Working data
+ + + + + + +
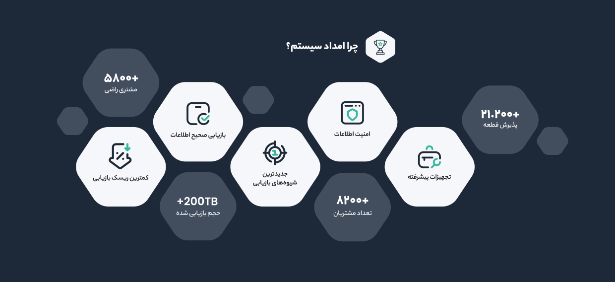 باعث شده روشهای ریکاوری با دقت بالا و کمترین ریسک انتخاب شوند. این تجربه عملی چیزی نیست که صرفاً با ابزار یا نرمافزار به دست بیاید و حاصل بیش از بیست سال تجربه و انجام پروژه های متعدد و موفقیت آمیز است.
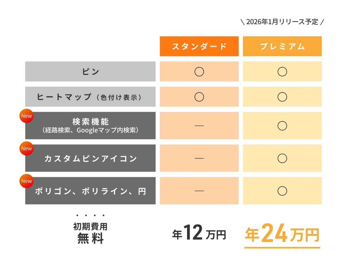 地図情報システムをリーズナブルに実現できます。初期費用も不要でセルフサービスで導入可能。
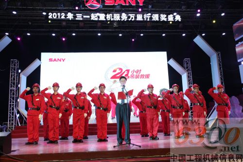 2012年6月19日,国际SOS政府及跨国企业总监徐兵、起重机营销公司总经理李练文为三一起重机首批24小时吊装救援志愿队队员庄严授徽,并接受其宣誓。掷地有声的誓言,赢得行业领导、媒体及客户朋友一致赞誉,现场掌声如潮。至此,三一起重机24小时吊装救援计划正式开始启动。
+ + + + + + +
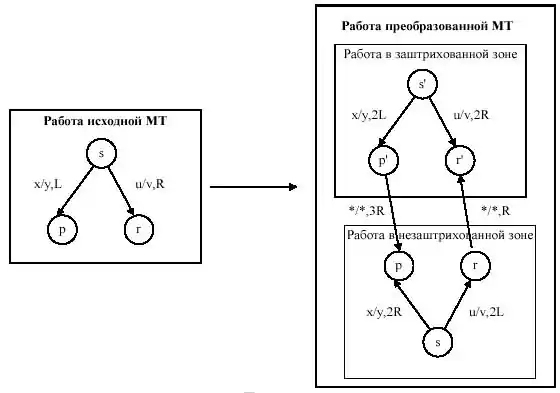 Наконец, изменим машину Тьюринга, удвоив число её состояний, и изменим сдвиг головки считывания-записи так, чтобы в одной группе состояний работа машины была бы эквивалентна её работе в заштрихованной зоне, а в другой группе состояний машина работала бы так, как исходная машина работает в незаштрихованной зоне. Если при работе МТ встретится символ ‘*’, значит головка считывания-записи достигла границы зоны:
+ + + + + + +
Problem to solve
In the listing above, find the line containing "باعث شده روشهای" and the line containing "2012年6月19日,国际S", then print exactly those two lines and every line between them, minus the pictures.

Response box
 باعث شده روشهای ریکاوری با دقت بالا و کمترین ریسک انتخاب شوند. این تجربه عملی چیزی نیست که صرفاً با ابزار یا نرمافزار به دست بیاید و حاصل بیش از بیست سال تجربه و انجام پروژه های متعدد و موفقیت آمیز است.
 地図情報システムをリーズナブルに実現できます。初期費用も不要でセルフサービスで導入可能。
 2012年6月19日,国际SOS政府及跨国企业总监徐兵、起重机营销公司总经理李练文为三一起重机首批24小时吊装救援志愿队队员庄严授徽,并接受其宣誓。掷地有声的誓言,赢得行业领导、媒体及客户朋友一致赞誉,现场掌声如潮。至此,三一起重机24小时吊装救援计划正式开始启动。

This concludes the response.